Because the o option is specified, the pattern to be
matched remains /1/ even when the value of $var
changes. If the o option had not been specified, the
pattern would have been /2/ the next time through the
loop.
| TIP |
There's no real reason to use the o option for patterns unless you are keen on efficiency. Here's an easier way to do the same thing:
$var = <STDIN>;
$matchval = $var;
$line = <STDIN>;
while ($var < 10) {
$result = $line =~ /$matchval/;
$line = <STDIN>;
$var++;
}
The value of $matchval never changes, so the o option is not necessary.
|
The s option specifies that the string to be matched
is to be treated as a single line of text. In this case, the .
special character matches every character in a string, including
the newline character. For example, the pattern /a.*bc/s
is matched successfully in the following string:
axxxxx \nxxxxbc
If the s option is not specified, this pattern does not
match, because the . character does not match the newline.
| NOTE |
The s option is defined only in Perl 5.
|
One problem with patterns in Perl is that they can become difficult
to follow. For example, consider this pattern, which you saw earlier:
/\d{2}([\W])\d{2}\1\d{2}/
Patterns such as this are difficult to follow, because there are
a lot of backslashes, braces, and brackets to sort out.
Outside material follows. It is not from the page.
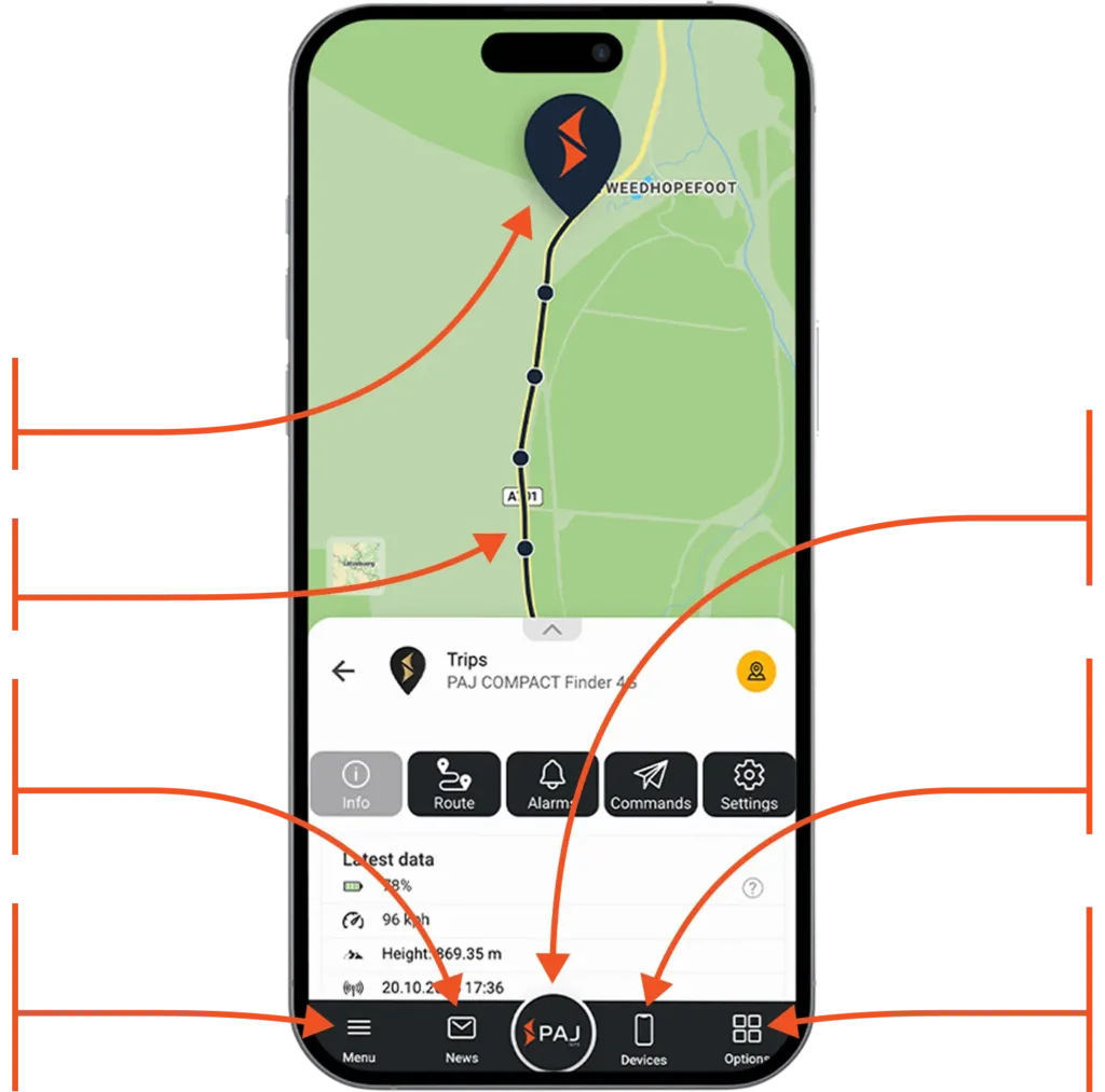 More than just an app, the FINDER Portal provides all the tools you need for efficient GPS tracking, including live location, route history, smart alerts, and central device management, accessible on any device worldwide.

Perl 5 makes life a little easier by supplying the x
option. This tells the Perl interpreter to ignore white space
in a pattern unless it is preceded by a backslash. This means
that the preceding pattern can be rewritten as the following,
which is much easier to follow:
/\d{2} ([\W]) \d{2} \1 \d{2}/x
Here is an example of a pattern containing an actual blank space:
/[A-Z] [a-z]+ \ [A-Z] [a-z]+ /x
This matches a name in the standard first-name/last-name format
(such as John Smith). Normally, you won't want to use
the x option if you're actually trying to match white
space, because you wind up with the backslash problem all over
again.
| NOTE |
The x option is defined only in Perl 5.
|
Perl enables you to replace part of a string using the substitution
operator, which has the following syntax:
s/pattern/replacement/
The Perl interpreter searches for the pattern specified by the
placeholder pattern. If it finds pattern, it
replaces it with the string represented by the placeholder replacement.
For example:
$string = "abc123def";
$string =~ s/123/456/;
Here, 123 is replaced by 456, which means that
the value stored in $string is now abc456def.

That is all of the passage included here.